Thematically, Miserere Luminis deal rather unorthodoxly in the otherworldly, down to their intricate masks and insistence on anonymity. This is an elaborate, self-aware performance — an inhabiting of roles that may come off as ridiculous, and then twisting the melodrama into surprising beauty and tenderness. Each narrator within the spectacle can stake a claim to some form of divinity, but they do not possess its usual benefits — rather, they explore, understand and experience inhuman depths of suffering and decay. “I have seen what no eyes could see / I saw a world crumble down”, goes pained shrieking on “Birth of New Ages.” They even observe “[aeons-old] seraphs [who] fell from their thrones”; that they both witness and escape this fate is testament to their bizarre resilience.

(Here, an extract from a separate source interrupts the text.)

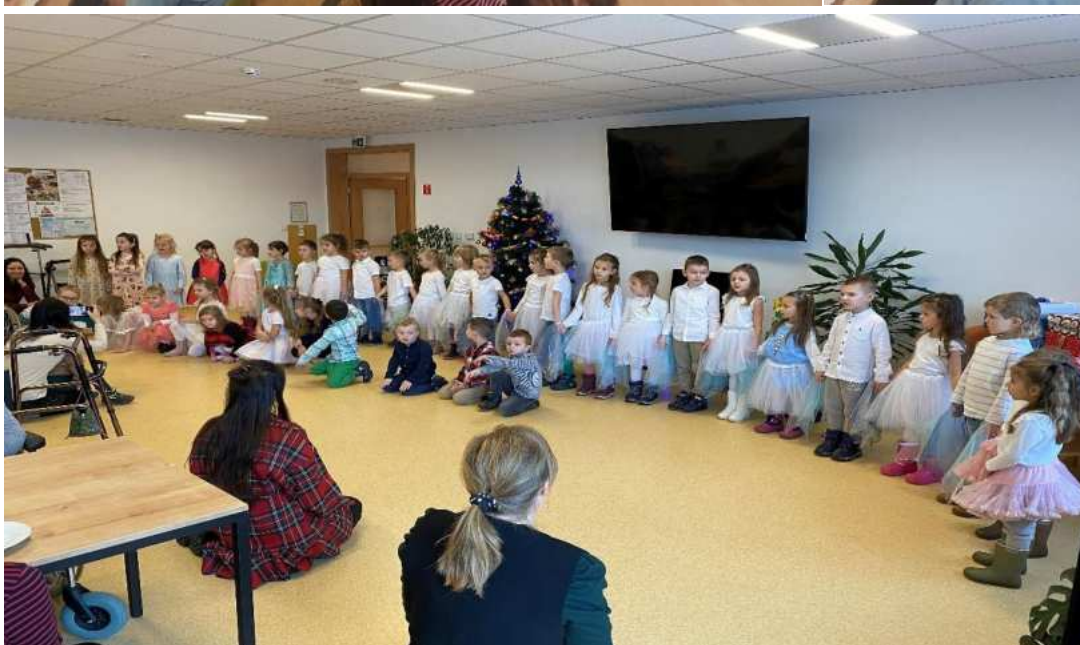
Vystúpenie folklórneho súboru z Oravskej Jasenice

Now, it remains that Miserere Luminis seem to glorify ugliness, pain and death in rather unsubtle ways; they employ a blunt rhetorical device in alluding to the perversion of that which is supposed to be eternal and Good. On “The Mist”, the narrator proclaims that he wants to “spit in the eye of God” and wishes He would “see him as the failure of his dream of greatness and beauty”, whilst “Ciel Tragique” speaks of the “broken wings of a sick angel” and an injury that is the “eye of hell.” It’s hard not to read these as a display of cliché, tired acts of rebellion, but perhaps that’s the point — “we are as tired as the stars”, says the funereal “Senectus” in a line that resonates in its resignation. The in-universe justification for all this, then, is that we should allow these beings who have suffered so much the small comfort of being able to lament as they wish. Despite their remarkable nature, they are passive — only seeing and receiving — but perceive themselves as corrupted despite never having explicitly sinned; their existence is both striking and pitiful.
But within the album, there’s a clear preservation of light and sweetness which cannot be immediately reconciled with its hyperbole. That act of preservation, I think, serves to capture a portion of the celestial essence that the beings mourn; and struck by such harmonious beauty, radiant even as darkness encroaches, we understand why one might be driven to madness and grief in witnessing its corruption. Furthermore, the exaggerated rhetoric sets up a dichotomy between celestial light and corrupting darkness, but also leaves a vast space in between; and it is this space that the melodies paint and manipulate, creating nuances that are hostage to neither light nor darkness.